The ALP and #HometoBilo
The ALP and #HometoBilo

As one of its first acts, the new federal Labor government could have granted permanent protection to Priya, Nades, Kopica and Tharunicca, the Biloela family snatched from their home four years ago by Border Force and placed in the prison-like conditions of immigration detention by the Liberal government.

Instead, its first act concerning refugees was to return to the Sri Lankan government—one run by war criminals who have carried out a genocide against the Tamil minority on the island—a boatload of people who had sought safety in Australia.

“I think it’s important to say up-front that what this shows is that there is absolutely no change in terms of Australia’s border settings under this government”, acting prime minister Richard Marles said in a press conference on 24 May.

The United Nations high commissioner for refugees last week reported that a record 100 million people globally are forcibly displaced. There are many more who suffer permanent persecution in their homelands, such as Tamils, Uyghurs, West Papuans, Kurds, Hazaras and more, including political dissidents and journalists.

In the same week, the ALP bragged that if any attempt to come by boat to seek safety in Australia, they will be returned to the place from which they fled. It is a fascistic policy, and the broader suite making up the “border protection” regime are inconsistent with a number of articles in the Universal Declaration of Human Rights, such as the right “to seek and to enjoy in other countries asylum from persecution”, the right not to “be subjected to arbitrary arrest [or] detention”, and the right not to “be subjected to torture or to cruel, inhuman or degrading treatment or punishment”.

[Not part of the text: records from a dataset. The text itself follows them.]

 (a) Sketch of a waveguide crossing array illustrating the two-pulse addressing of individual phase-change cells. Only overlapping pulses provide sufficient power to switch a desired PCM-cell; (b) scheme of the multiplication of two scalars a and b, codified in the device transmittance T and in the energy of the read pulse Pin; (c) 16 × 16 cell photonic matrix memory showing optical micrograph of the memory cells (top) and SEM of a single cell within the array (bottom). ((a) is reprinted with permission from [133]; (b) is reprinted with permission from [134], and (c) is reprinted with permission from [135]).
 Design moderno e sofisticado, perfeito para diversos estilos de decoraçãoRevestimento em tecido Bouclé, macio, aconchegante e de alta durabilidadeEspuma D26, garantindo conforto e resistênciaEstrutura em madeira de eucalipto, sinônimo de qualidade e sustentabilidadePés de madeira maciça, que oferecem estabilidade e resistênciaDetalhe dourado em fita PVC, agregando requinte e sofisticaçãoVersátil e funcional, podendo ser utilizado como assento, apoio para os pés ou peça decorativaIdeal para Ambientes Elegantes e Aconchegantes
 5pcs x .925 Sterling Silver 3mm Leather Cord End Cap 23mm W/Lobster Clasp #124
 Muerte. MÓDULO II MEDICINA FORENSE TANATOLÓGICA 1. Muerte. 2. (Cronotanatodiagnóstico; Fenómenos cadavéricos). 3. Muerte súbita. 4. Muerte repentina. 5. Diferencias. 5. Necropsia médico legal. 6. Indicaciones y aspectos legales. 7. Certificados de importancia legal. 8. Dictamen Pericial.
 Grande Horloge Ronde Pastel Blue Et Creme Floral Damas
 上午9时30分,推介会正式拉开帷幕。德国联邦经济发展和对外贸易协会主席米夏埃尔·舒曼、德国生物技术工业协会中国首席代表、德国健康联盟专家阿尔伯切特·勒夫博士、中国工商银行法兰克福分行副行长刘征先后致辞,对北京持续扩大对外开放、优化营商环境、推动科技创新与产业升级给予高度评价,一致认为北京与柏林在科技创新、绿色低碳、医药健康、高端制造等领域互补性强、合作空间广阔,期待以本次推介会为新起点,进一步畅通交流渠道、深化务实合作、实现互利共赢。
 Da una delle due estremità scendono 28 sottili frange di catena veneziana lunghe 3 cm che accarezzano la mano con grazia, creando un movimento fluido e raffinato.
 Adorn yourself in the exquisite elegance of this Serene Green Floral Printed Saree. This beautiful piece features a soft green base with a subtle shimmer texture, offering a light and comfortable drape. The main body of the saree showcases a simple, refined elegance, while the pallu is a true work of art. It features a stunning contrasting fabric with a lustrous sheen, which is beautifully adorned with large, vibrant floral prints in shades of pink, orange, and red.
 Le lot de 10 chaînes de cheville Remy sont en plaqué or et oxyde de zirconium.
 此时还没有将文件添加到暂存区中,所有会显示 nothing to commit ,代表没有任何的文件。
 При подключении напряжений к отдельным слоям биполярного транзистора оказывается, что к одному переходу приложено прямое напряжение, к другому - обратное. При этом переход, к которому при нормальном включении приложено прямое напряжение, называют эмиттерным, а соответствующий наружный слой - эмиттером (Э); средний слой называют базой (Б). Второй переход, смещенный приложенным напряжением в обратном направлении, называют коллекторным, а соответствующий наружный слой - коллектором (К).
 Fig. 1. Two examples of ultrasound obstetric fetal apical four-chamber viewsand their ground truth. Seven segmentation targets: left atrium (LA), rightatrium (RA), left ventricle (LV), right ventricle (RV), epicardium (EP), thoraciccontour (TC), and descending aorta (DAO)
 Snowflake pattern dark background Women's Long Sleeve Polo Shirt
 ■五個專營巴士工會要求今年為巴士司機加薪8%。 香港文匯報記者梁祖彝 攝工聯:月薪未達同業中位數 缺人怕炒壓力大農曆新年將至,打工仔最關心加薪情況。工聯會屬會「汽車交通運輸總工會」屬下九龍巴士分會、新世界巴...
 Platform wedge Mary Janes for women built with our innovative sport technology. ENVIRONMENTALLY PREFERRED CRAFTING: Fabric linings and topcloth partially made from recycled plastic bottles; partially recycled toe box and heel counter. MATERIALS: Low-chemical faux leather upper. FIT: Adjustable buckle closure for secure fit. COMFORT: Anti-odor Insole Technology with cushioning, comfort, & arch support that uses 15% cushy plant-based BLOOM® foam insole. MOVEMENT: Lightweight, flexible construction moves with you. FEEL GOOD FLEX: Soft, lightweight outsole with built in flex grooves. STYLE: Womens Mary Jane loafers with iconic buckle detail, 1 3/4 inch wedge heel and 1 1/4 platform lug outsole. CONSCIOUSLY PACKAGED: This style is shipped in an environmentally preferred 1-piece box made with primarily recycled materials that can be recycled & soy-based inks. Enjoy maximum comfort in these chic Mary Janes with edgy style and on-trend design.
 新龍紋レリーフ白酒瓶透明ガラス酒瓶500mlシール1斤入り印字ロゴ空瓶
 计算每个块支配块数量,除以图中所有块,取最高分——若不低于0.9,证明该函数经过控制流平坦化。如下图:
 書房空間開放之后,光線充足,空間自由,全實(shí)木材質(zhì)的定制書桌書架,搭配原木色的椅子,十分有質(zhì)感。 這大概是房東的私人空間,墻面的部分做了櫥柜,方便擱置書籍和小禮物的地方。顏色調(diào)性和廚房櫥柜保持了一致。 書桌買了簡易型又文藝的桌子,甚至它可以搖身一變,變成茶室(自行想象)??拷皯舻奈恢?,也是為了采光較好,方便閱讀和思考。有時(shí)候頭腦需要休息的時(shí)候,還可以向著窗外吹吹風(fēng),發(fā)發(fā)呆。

Priya, Nades and their children will, however, be allowed to return home to Biloela on bridging visas while they continue to fight for their security through the courts and “in accordance with Australian law”, according to new Treasurer and interim home affairs minister Jim Chalmers.

But we should be clear: if the family ultimately is successful in gaining protection, it will by and large be despite Australian law, not because of it. Thousands of Tamils like Priya and Nades have been in Australia for a decade or more and are languishing on bridging visas, either because they are denied protection because of the mode of transport they used to enter the country or because they have been deemed not to be genuine refugees.

Yet the Department of Foreign Affairs and Trade country report on Sri Lanka used by the Department of Home Affairs, the Immigration Assessment Authority and the Administrative Appeals Tribunal to deny Tamil asylum claims makes it almost impossible for refugees to win their case.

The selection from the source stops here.